# a good toothbrush for toy poodles?



## fracturedcircle (Aug 19, 2010)

do people like any particular toothbrush suitable for toys? we've been using dental pads, but want to make a transition to brushing with toothpaste and all.

I've been looking online but the toothbrushes look dauntingly big for some reason.

thanks.


----------



## schnauzerpoodle (Apr 21, 2010)

Have you checked out toothbrush for kittens?


----------



## Oodlejpoodle's mom (Sep 11, 2009)

I have three toys (5 lbs, 7lbs and 9lbs), I buy them children's toothbrushes (with snoopy on them) and they work great.
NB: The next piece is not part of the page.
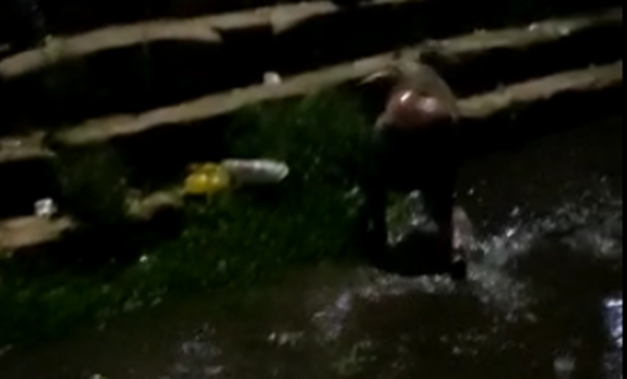 As imagens mostram um homem, aparentemente, alcoolizado, caindo dentro do córrego Boulevard Thaumaturgo. Muitas pessoas andam perto da água e algumas chegam a se assustar com o homem que sai do córrego cambaleando.

I also buy Vanilla mint toothpaste (petcare rx) which they don't seem to mind as much as the beef/poultry flavors.


----------



## CT Girl (Nov 17, 2010)

I use a finger toothbrush - it kind of reminds me of a thimble. I also have a pick I am getting Swizzle use to for when he gets tarter.


----------



## lunamarz_31 (Nov 15, 2010)

I also use little kids' toothbrush...it fits in her mouth perfectly.


----------



## Rowan (May 27, 2011)

I use cat toothbrushes! They're the perfect size. You can find them at most pet stores or your vet might give you some (my vet gives me two every time we go in for our biannual visit).


----------



## fjm (Jun 4, 2010)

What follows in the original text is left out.